Friday, September 4, 2015

Slower Job Growth May Give Fed Pause on Raising Rates

The American economy added 173,000 jobs in August, a weaker showing than expected that makes it more likely the Federal Reserve will delay its long-awaited increase in interest rates when policy makers meet in two weeks.

But there was just enough positive data in the report on Friday from the Labor Department to keep a September move in play, even as Wall Street increasingly looks at the possibility of a Fed move in October, or at the central bank’s last meeting of the year, in December.

The report was hotly anticipated, mainly because it represents the last major piece of data that the central bank will have on hand before its meeting on Sept. 16 and 17.

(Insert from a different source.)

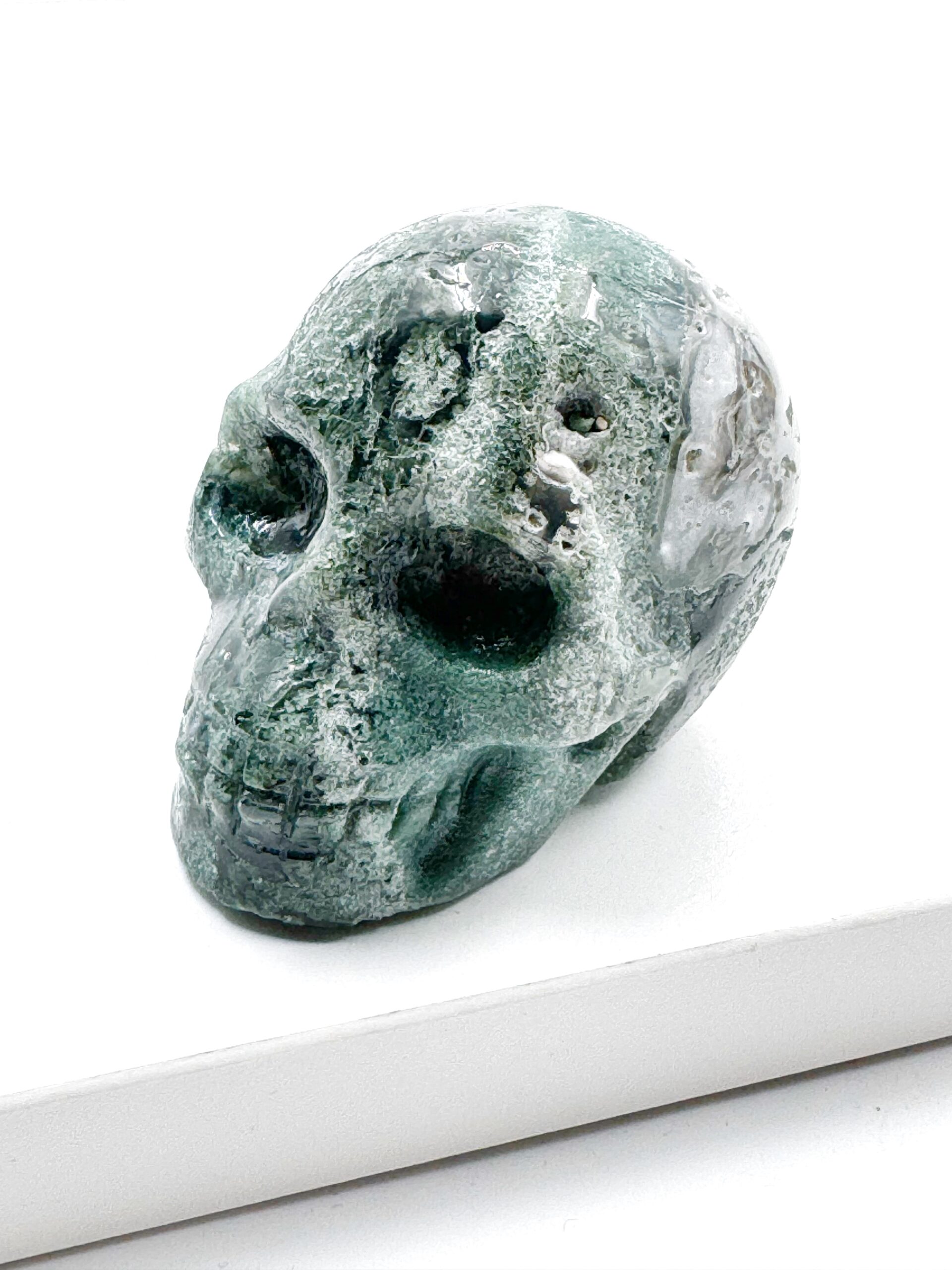 Mos Agaten giver jordforbindelse og knytter dig tættere til naturen og til de energier, der kommer fra jord og planter. Det er en fantastisk krystal at have med sig, når man sår nye frø, både fysisk og i overført forstand. Den styrker nye begyndelser, fjerner blokeringer, og giver vækst i forretninger og personlig udvikling. Den hjælper overtænkende mennesker komme bedre i kontakt med deres følelser og hjælper intuitive mennesker med at se lidt mere praktisk og konkret på energiarbejde.

Although hiring in August was well below the 220,000-job gain that economists had expected, the unemployment rate fell to 5.1 percent from 5.3 percent, the lowest since early 2008.

At that level, joblessness is nearing the level that economists and the Fed consider close to full employment, and inflation foes worry that an unemployment rate significantly less than that might result in an overheated economy in the long term.

That might seem strange to tens of millions of workers still looking for raises and full-time positions, but there are nascent signs that wages are finally beginning to tick higher. In contrast to the disappointing headline number, average hourly earnings rose by a better-than-expected 0.3 percentage point rate in August.

Payroll gains for June and July were revised upward by 44,000.